Его крылья светло-серого цвета, на несколько оттенков темнее моих. Вероятно, беспокоиться не о чем. Мама говорила, что у всех нас крылья различных оттенков серого. И его выглядят не столько темными, сколько… грязными.

- Окей, предупреди меня в следующий раз, хорошо? – Джеффри чуть прижимает свои крылья, делает их меньше, и поворачивается ко мне спиной, пока идет вдоль края лужайки, где я оставила спортивную сумку. Если он разделит со мной половину ее веса, то она окажется совсем нетяжелой.

- Один, - говорит он.

- Подожди, в каком направлении мы полетим?

- Туда, – он кивает головой в северном направлении нашего участка, где растут более тонкие деревья.

- Хороший план.

- Два.

- На какую высоту?

- Мы разберемся по ходу, - говорит он раздраженным голосом.

- Знаешь, твой голос становится похожим на папин. Не думаю, что мне это нравится.

- Три! – произносит он, и затем сгибает колени и распахивает крылья, поднимается вперед, пока я изо всех сил стараюсь не отстать от него.

У меня нет времени думать. Мы поднимаемся выше и выше, и выше, подстраивая взмахи наших крыльев под один ритм, держа спортивную сумку между нами, немного ненадежно, но вполне справляясь. Через десять секунд мы достигаем верхушек деревьев. А затем направляемся на север. Я оборачиваюсь на Джеффри, и он посылает мне самодовольную улыбку, словно всегда знал, что это будет несложно. Я в некоторой степени в шоке от того, насколько легко это оказалось. Мы могли бы поднять вдвое больший вес. Мои мысли разгоняются оттого, что это может значить. Если я не могу поднять Кристиана одна, значит ли это, что я могу позвать на помощь? Против правил ли это?

- Джеффри, может быть это как раз то.

- Что то? – спрашивает он отстраненно, пытаясь поднять сумку чуть выше, чтобы удобнее ее перехватить.

- Твое предназначение. Может быть, нам предстоит сделать это вместе.

Он отпускает сумку. Сумка тотчас тянет меня вниз, и мне приходится отпустить ее. Мы наблюдаем, как она сваливается в кусты среди деревьев.
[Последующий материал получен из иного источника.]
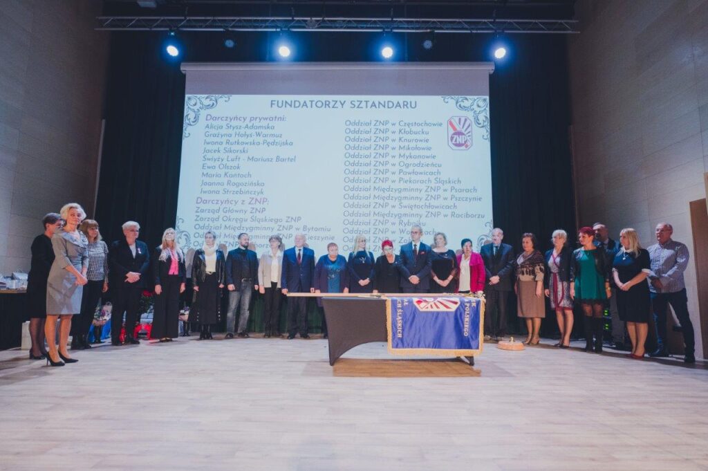 Najważniejszą częścią uroczystości stanowił ceremoniał nadania sztandaru Oddziałowi ZNP w Siemianowicach Śląskich. Od grudnia zeszłego roku rozpoczęto szereg działań zmierzających do pozyskania nowego sztandaru w miejsce starego, nie nadającego się już do prezentacji, który z dumą został przekazany do Muzeum Miejskiego, pod opiekę Dyrektora Pana Wojciecha Grzyba. Nowy sztandar uroczyście został przekazany przez kol. Sławomira Broniarza – Prezes Oddziału kol. Alicji Stysz-Adamskiej, w asyście kol. Grażyny Hołyś-Warmuz i kol. Iwony Rutkowskiej-Pędzijskiej. Nie obyło się bez wbicia gwoździ fundacyjnych oraz wręczenia podziękowań licznym fundatorom sztandaru: Zarządowi Głównemu ZNP, Okręgowi Śląskiemu ZNP, Oddziałowi Międzygminnemu ZNP w Bytomiu, Oddziałowi Międzygminnemu ZNP w Cieszynie, Oddziałowi ZNP w Chorzowie, Oddziałowi ZNP w Częstochowie, Oddziałowi ZNP w Kłobucku, Oddziałowi ZNP w Knurowie, Oddziałowi ZNP w Mikołowie, Oddziałowi ZNP w Mykanowie, Oddziałowi ZNP w Ogrodzieńcu, Oddziałowi ZNP w Pawłowicach, Oddziałowi ZNP w Piekarach Śląskich, Oddziałowi Międzygminnemu ZNP w Psarach, Oddziałowi Międzygminnemu ZNP w Pszczynie, Oddziałowi ZNP w Świętochłowicach, Oddziałowi Międzygminnemu ZNP w Raciborzu, Oddziałowi ZNP w Rybniku, Oddziałowi ZNP w Woźnikach, Oddziałowi ZNP w Zabrzu, Oddziałowi ZNP w Zawierciu, Alicji Stysz-Adamskiej, Grażynie Hołyś-Warmuz, Iwonie Rutkowskiej-Pędzijskiej, firmie Świyży Luft- Mariuszowi Bartel, Beacie Cofor, Joannie Rogozińskiej, Iwonie Strzebińczyk, Ewie Olszok Marii Kańtoch i Jackowi Sikorskiemu.

- Это не мое предназначение, - говорит он ровным голосом. Его серые глаза становятся холодными и отстраненными.

- В чем дело?

- Ничего, касающегося тебя, Клара.

То же самое, что сказала мне Венди. Словно удар в живот.

- Прости, - пробормотала я. – Думаю, я слишком обрадовалась идее получить помощь. Мне трудно сделать все самой.

- Мы должны сделать это одни, - он разворачивается в воздухе, направляясь назад, к нашему двору. – Просто так положено.

Я смотрю на него долгое время, затем приземляюсь, чтобы подобрать сумку. Одна из бутылок, которые я положила внутрь, лопнула, и вода тонкой струйкой вытекала на сухую землю.

 

ГЛАВА 16. МЕДВЕЖИЙ РЕПЕЛЛЕНТ[72]

(Переводчик: lialilia; Редактор: [unreal])

 

Следующим утром мой телефон зазвонил в возмутительно ранний час. Нежась под одеялом, я вздыхаю, на ощупь отыскиваю телефон на тумбочке и жизнерадостно отвечаю:

- Что?

- О здорово. Ты уже проснулась. – Такер.

- Сколько сейчас времени?

- Пять.

- Я сейчас убью тебя.

- Я уже еду к тебе, - говорит он. – Буду через полчаса. Я подумал, что нужно позвонить тебе, чтобы ты причесала волосы и успела накраситься.

- Думаешь, я стану краситься, чтобы пойти с тобой в горы?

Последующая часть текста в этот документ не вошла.